When I was a kid, I could make a Tootsie Roll last by treating it like hard candy. Ironically—or perhaps not so ironically—as I’ve grown older, I’ve also grown less patient. Yet my standards for putting my work out require me to take my time, even if I don’t want to. I’m a perfectionist and a control freak. They’re both qualities that led me to pursue self-publishing, but they certainly do nothing for my impatience.

Moving from amateur to professional changed my standards. I write a thing. I set it aside for at least a month, and more often than not, about six months to a year before I pick it up again. That lets me distance myself from it, forget a few things, and approach it with fresher eyes after my alpha reader’s gone through it. Then I edit the crap out of it. Then I set it aside again. Then I look over how the edits changed the look and feel of the narration and dialogue, and I edit again. Then I set it aside again. Then I edit again. In between all of this, I’m usually working on other projects, but part of me is always with a finished story, working on it in my subconscious. Only when I think it’s publishable do I even consider sending it to a professional editor.

And finding a professional editor that’s right for me has been more work than I thought it would be, given the number of writers who recommend their editors. Once I settle on an editor or editors, I’ll go through their edit. Then I’ll set it aside again. Then I’ll do at least one final sweep and proofread.

Then I’ll send the book to the formatter. Only after that will I submit the book. That’s not even getting into the cover art/designer side of the equation, or the promotion plans, both of which I can work on in tandem with the writing/editing side.

To give you an idea of the timeline we’re talking about, I wrote Thorns in 2012. It’s probably not going to get published until late January/early February 2018. So much for quick turnaround.

I’m chomping at the bit for Thorns to be released, but not until it’s ready. Not until it’s right. Not until it’s as close to perfect as I’m capable of making it.

And isn’t that just the crux of the matter. Because there is no perfect. There will never be perfect. I’ll always come up short against my own standard, and an objective measure of writing quality is a foggy notion at best. If you don’t like a piece of art, it wasn’t made for you. Poor quality art can still be enjoyed by millions, which brings into question the designation ‘poor quality’ in the first place—because the art did what it was supposed to do, tap into something inside people and make them respond.
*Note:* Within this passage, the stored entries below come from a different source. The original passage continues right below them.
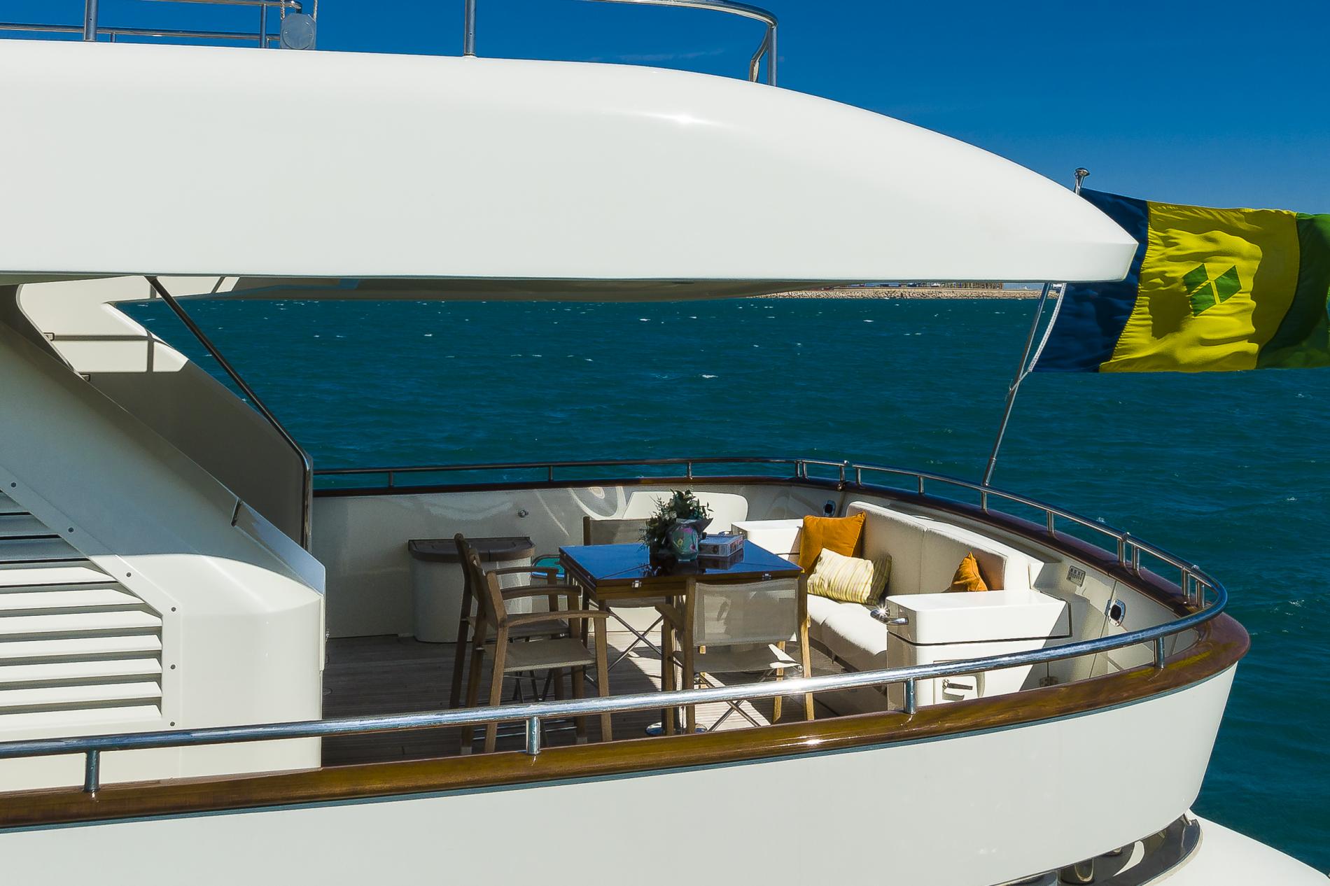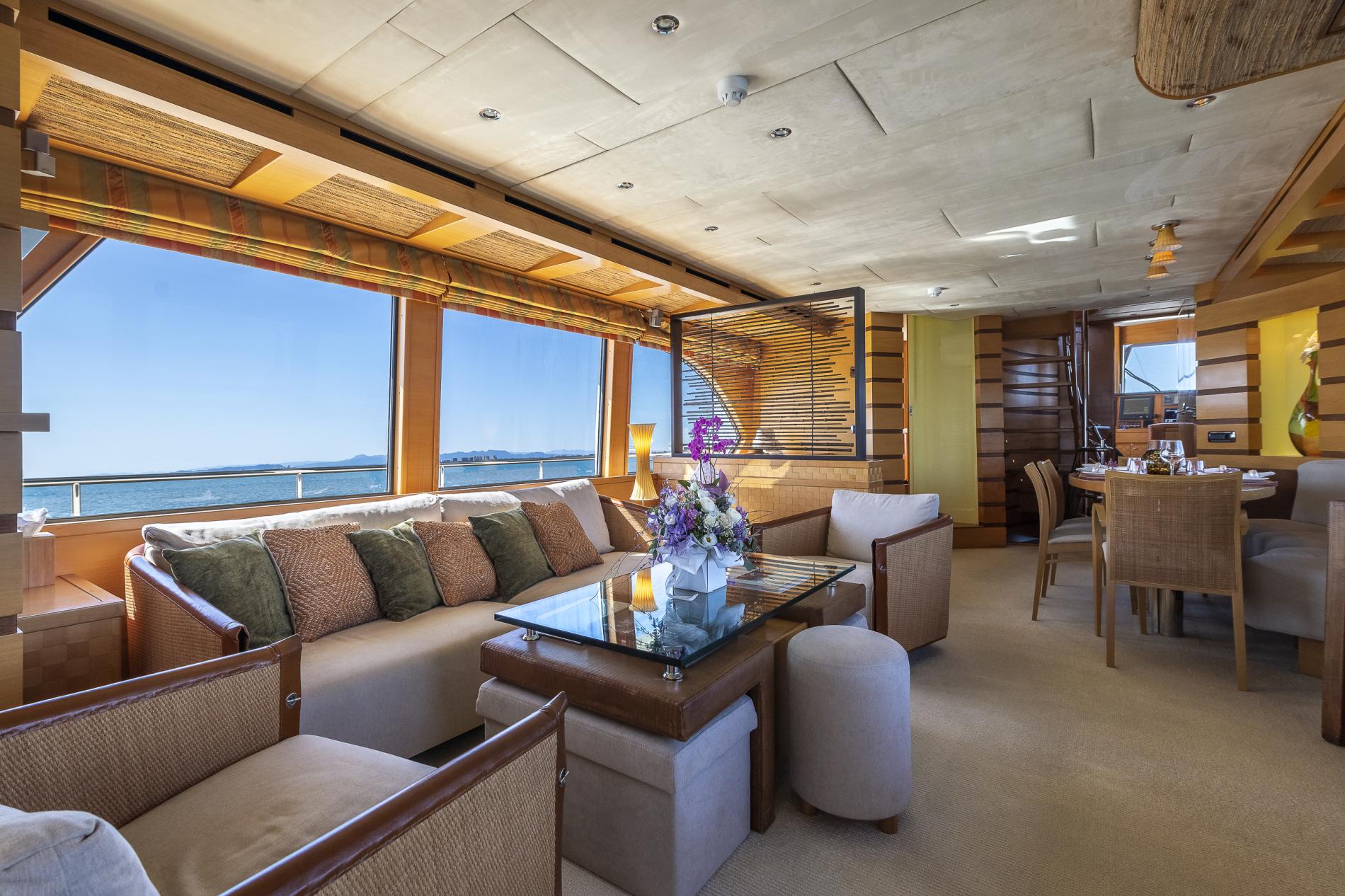 It’s important to note that she was the first in Moonen’s Fast Series of Yacht (model Alu 94), custom-built for the shipyard’s owner, who wanted speed without sacrificing comfort, and a range extending beyond the shores of the Mediterranean. Consequently, she can reach a top speed of 18/22 knots with a range of 2,000 nautical miles at her cruising speed of 10 knots. For her pioneering design, she won the prestigious Trophée de l’Inovation for custom yachts under 40m at the 2007 World Yachts Trophies.
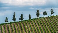 Op de voorgrond zijn de symmetrische lijnen zichtbaar van de wijnranken in de wijngaard, die leiden naar de bomenrij.
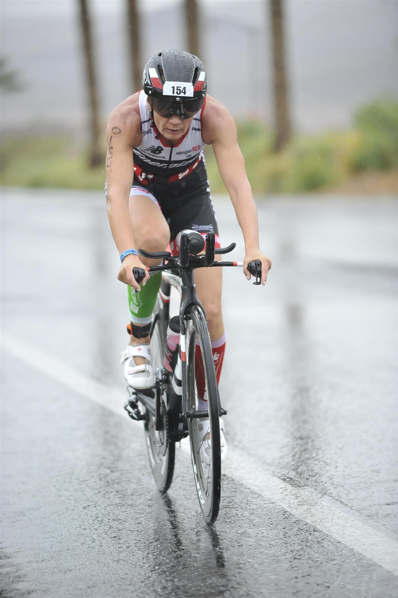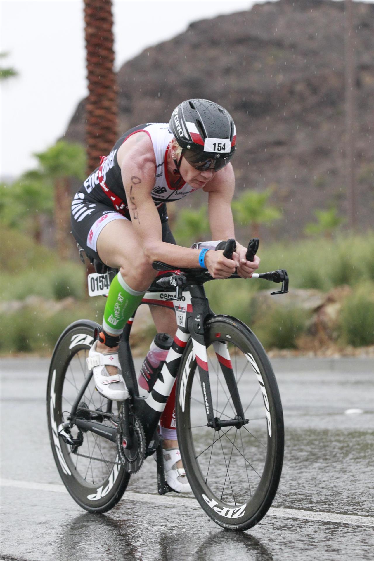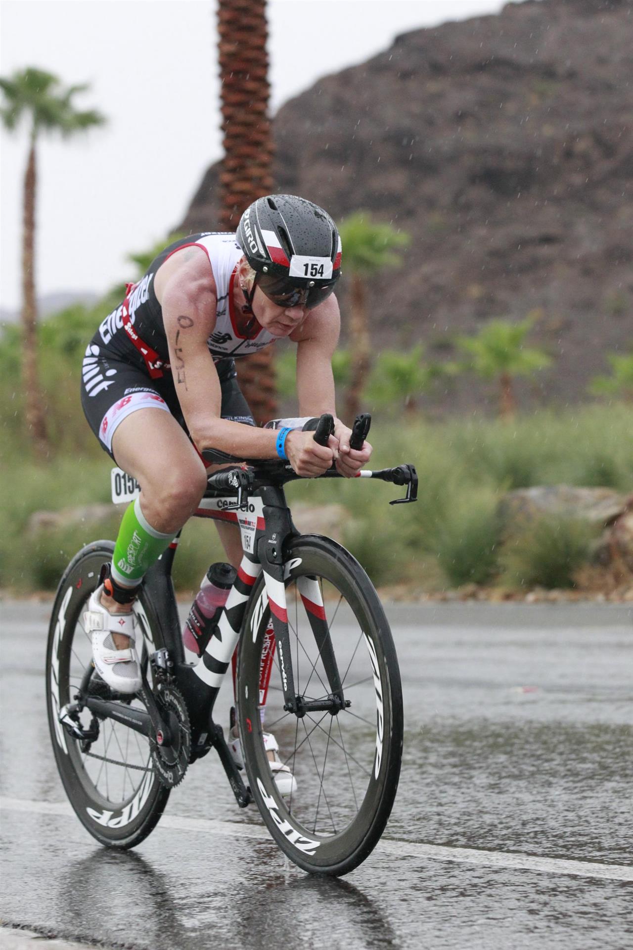 Heute ist Renntag. Um 3.30 Uhr klingelt der Wecker, mörderische Zeit zum aufstehen. Nachdem ich einigermaßen wach bin gibt es eine Tasse Kaffee sowie Weißbrot mit Honig. Normalerweise kann ich um diese Zeit noch nichts essen, aber das muss nun mal sein. Um 4:30 Uhr öffnet die Wechselzone. Draußen regnet es in strömen, das darf doch nicht wahr sein. Da reist man viele Kilometer nach Las Vegas mit einer Durchschnittstemperatur von über 30 Grad Celsius und 10 Regentagen im Jahr und was ist am Wettkampftag - es regnet in strömen. Glücklicherweise liegt unser Hotel direkt am Start, der Weg bis zur Wechselzone dauert circa 2 Minuten. Luft geprüft, Getränke ausgefüllt sowie Verpflegung gepackt. Gott sei Dank habe ich eine Taschenlampe dabei, um diese Zeit ist es noch sehr dunkel. Bis alles erledigt ist bin ich klatsch nass. Da ich noch etwas Zeit habe gehe ich noch einmal ins Apartment. Da der See sehr warm ist, ca. 30 Grad, ist Neoprenverbot.
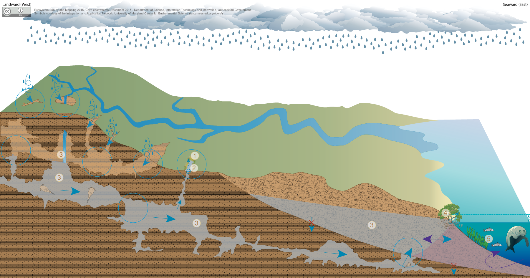 Pictorial conceptual model PDF Additional linksLast updated: 18 December 2015 This page should be cited as: Queensland Government, Queensland (2015) Cave ecosystems, WetlandInfo website, accessed 15 December 2025. Available at: https://wetlandinfo.detsi.qld.gov.au/wetlands/ecology/aquatic-ecosystems-natural/aquifers-caves/caves/ |
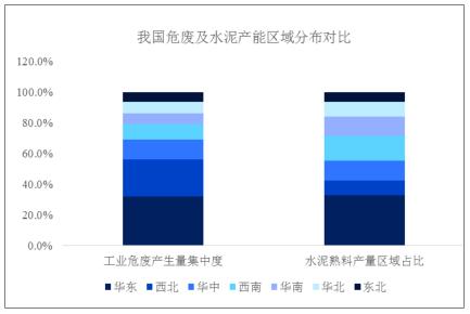 區域分布與危廢產區高度匹配:水泥在是傳統意義上的“短腿”產品,業內普遍認為其經濟銷售半徑為公路<300公里、鐵路<500公里。因此水泥產能的密度與當地經濟發展水平和基建需求直接相關。同時,危廢來自工業生產過程,同樣與經濟發展水平相關。如下圖所示,水泥產能分布與危廢產量分布情況區域匹配度整體較高。因此,水泥窯協同處置工藝的區域適用性較強,適于在全國范圍內推廣,作為普適的協同處置技術,填補全國各地傳統危廢產能供需缺口。
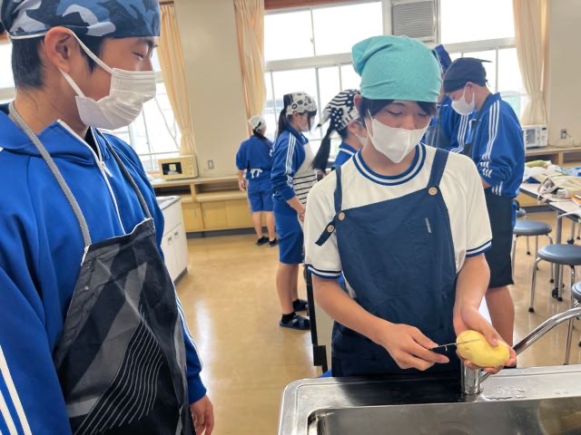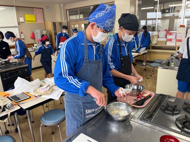 2年1組の実習の様子です。てきぱき動いて、元気いっぱいな1組です。担任の先生や教科担任の先生にもおやつをプレゼントしてくれました!
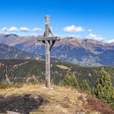 Dalla sella scendiamo di nuovo verso l'altopiano per seguire le indicazioni "Mittagspitz" e, dopo una breve salita, raggiungiamo la vetta di oltre 2.000 metri nelle Alpi Sarentine. La croce di vetta è stata installata poco più di un decennio fa. Il ritorno si svolge lungo un ripido sentiero in discesa. Questo percorso, almeno in discesa, è più diretto rispetto alla salita e meglio segnalato. Dopo circa tre ore di cammino, senza contare le pause, raggiungiamo nuovamente il nostro parcheggio.

In most other parts of my life, I have ways to measure my success or failure and the quality of my actions, usually through some metric of quantity. In art, quantity doesn’t imply quality. I have nothing I can measure, and after a certain point, that takes quality control out of my hands. I can control spelling, grammar, punctuation, pacing, word choice. I can’t control how readers react to the story. That’s the indefinable skill that differentiates a good writer from a mediocre one. I certainly can’t anticipate readers’ enjoyment or engagement based on my own positive reaction to my stories. Mediocre writers entertain themselves, too.

The only solution available to me is to surround myself with people I can trust to tell me when something doesn’t work, but sometimes it’s a delicate balance to make sure that person is also the kind of person meant to enjoy the kinds of things you write. And deciding whether the reason you accept or reject them isn’t because they like or hate your writing. And determining whether your ego or your instinct is driving your decisions to take or leave their criticism. I can never tell whether I’m overconfident or underconfident, whether I’m second-guessing myself too much or too little. Sometimes, I’m a Professional Writer. Other times, I’ve got a serious case of Imposter Syndrome.

But here I am, willing to put my work out there through self-publishing, where the responsibility and consequences fall on me. If people react badly, all the egg hits my face and no one else’s. I’m impatient, with Thorns having been with me for five years and Nocturne having been with me for thirteen (a young adult book I wrote back when I was a young adult). Publishing’s a slow process, though in theory, the digital revolution was supposed to change that, right? But I’ve got some serious jitters, man, and a pathological fear of failure (although you’d think I’d be used to it by now).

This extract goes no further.